Are there Tango movie clips from before 1935 ?

opendoor

Forum Master
This sequence actually is the vuelta americana we discussed elsewhere. Seems that the salida americana and the vuelta americana hark back to Rodolfo Valentino the great early promoter of the argentine tango.

http://www.dance-forums.com/showthread.php?t=33951
dance-forums.com/showthread.php?t=33951

Does someone here know something about the other tango pioneer Ricardo Guiraldes?

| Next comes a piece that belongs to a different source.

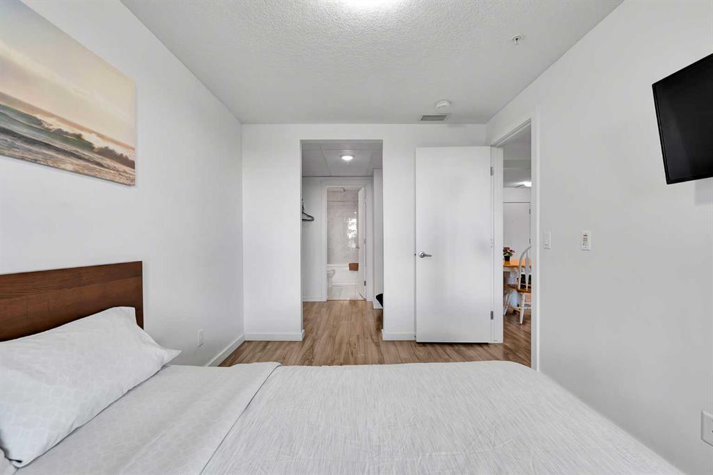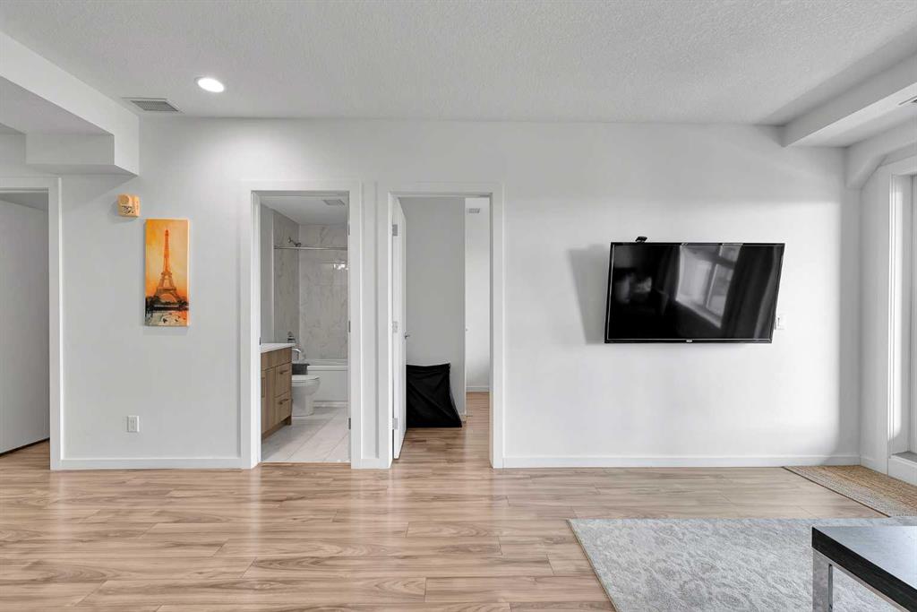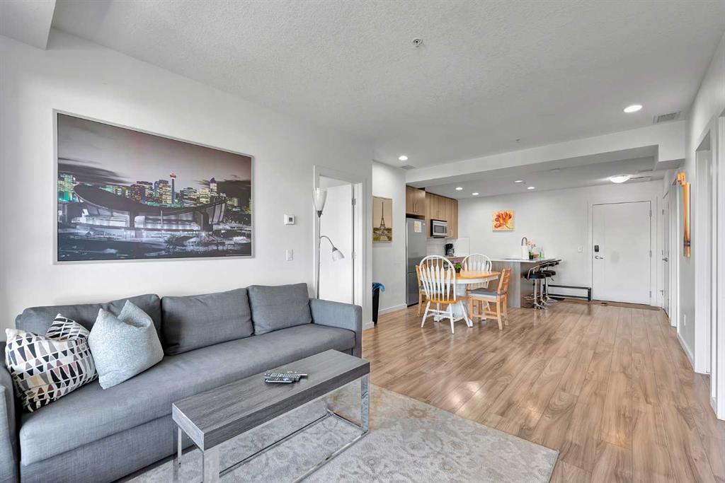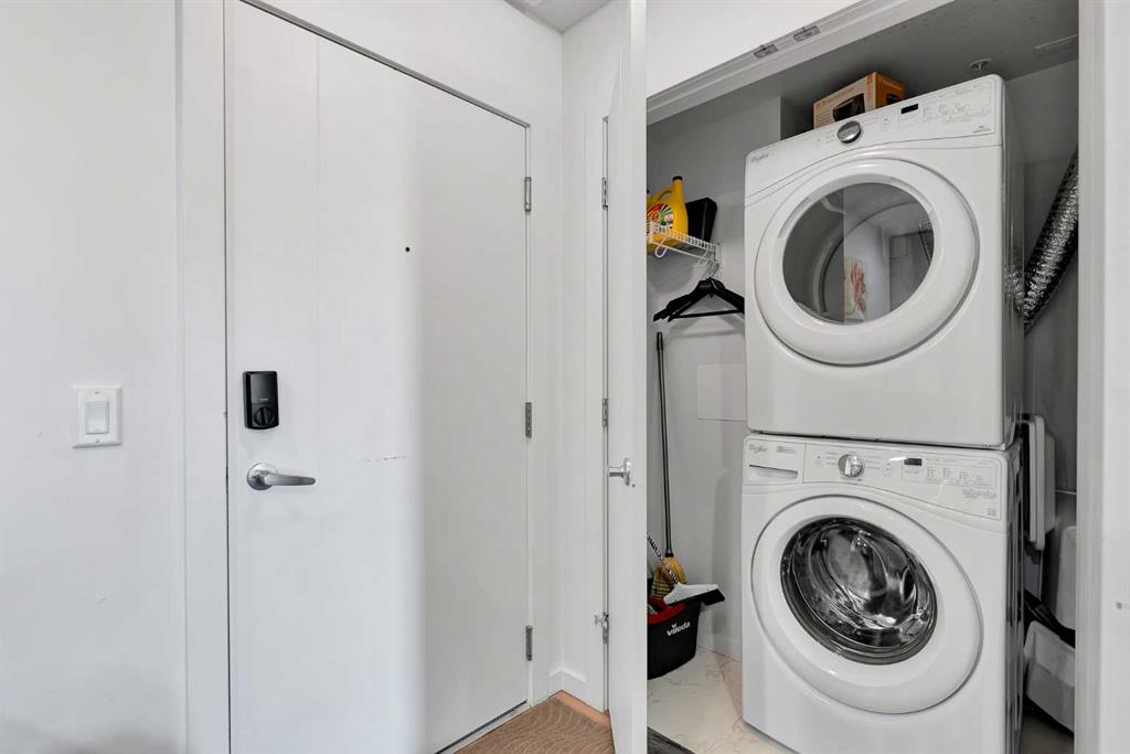 Discover exceptional comfort and modern style in this beautifully appointed two-bedroom plus den condominium, perfectly designed for contemporary living. Built with solid concrete and steel construction, this residence offers outstanding durability, sound insulation, and long-term value. The open-concept layout is bright and inviting, featuring wide-plank flooring, polished quartz countertops, and premium Fisher & Paykel appliances, including an induction cooktop, convection microwave, and built-in dishwasher. The thoughtful design extends throughout with in-suite laundry, a titled underground parking stall, and geothermal heating and cooling for year-round efficiency. The primary bedroom includes a spacious walk-in closet and a private ensuite, while the additional bedroom and den provide flexibility for guests or a home office. Ideally situated just steps from the C-Train, close to local shops, restaurants, Westhills, and a short commute to downtown, this home offers both convenience and lifestyle. Whether you’re a professional, downsizer, or investor, this residence combines quality construction, modern finishes, and an unbeatable location for effortless urban living

..it is thought that Tango was first demonstrated by the Argentinean playboy Ricardo Guiraldes in 1910/1911 in Paris. It was so different from the dances of the time and considered somewhat obscene. It challenged the conventions of acceptable public behavior of the time... However, the rapid acceptance by the people of Europe of the dance, invariably meant that it was re-exported back to Buenos Aires...
from http://www.centralhome.com/ballroomcountry/argentine-tango-history.htm
 
Since all this time has gone by....
Surely you did a google search?
There appears to be a writer by that name who lived in Paris and Buenos Aires, etc.
Could be the the same person?
 
http://www.todotango.com/english/biblioteca/cronicas/el_pollo_ricardo.asp

Who was this Pollo? First of all I want to clear out an existing confusion. A well-known sports journalist who is used to dive into other proposals, on one occasion, talked for a long time about this tango and the title character in his radio program, but not revealing immediately his true identity. When he discloses the incognita, he mentions Ricardo Güiraldes. Even though the latter was a tango dancer and had the same first name, he was not the person to whom the piece was dedicated.
 
That last link is a great page if you want to see a sentada danced in 1942 (was that the Golden Age?, Oh, probably just a pose.)

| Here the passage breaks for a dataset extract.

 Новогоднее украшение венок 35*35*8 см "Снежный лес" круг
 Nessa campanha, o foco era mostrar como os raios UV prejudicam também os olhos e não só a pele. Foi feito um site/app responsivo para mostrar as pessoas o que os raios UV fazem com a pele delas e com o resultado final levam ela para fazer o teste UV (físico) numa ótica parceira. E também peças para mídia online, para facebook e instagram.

Click the link to read more about El Pibe Palermo, who could dance " old stream style, canyengue, tango influenced milonga, tango-milonga; when he was requested "encores", tango with half corte (like his father used to dance) and, to end, tango for salon or slow tango: La cumparsita. So he achieved another deserved nickname: the "King of Tango"."

Just about every time I look into tango history, I end up reinforcing my view that there was/is no one way to do this dance that has such a long history.
 
Dont know if these 2 vids already have been posted? They are only 4 years younger than the "Four Horsemen": I find them interesting because they originate from a period without a sharp distinction between international, standard, european, argentine, social, and ballroom a.s.o. dancing:

http://www.britishpathe.com/record.php?id=8188

and

http://www.britishpathe.com/record.php?id=19344

These are brilliant indeed. Completely unpretentious and eerily modern. I wonder when did that air of pretentiousness creep into standard and ballroom tango? (current individual pretentious AT dancers notwithstanding!)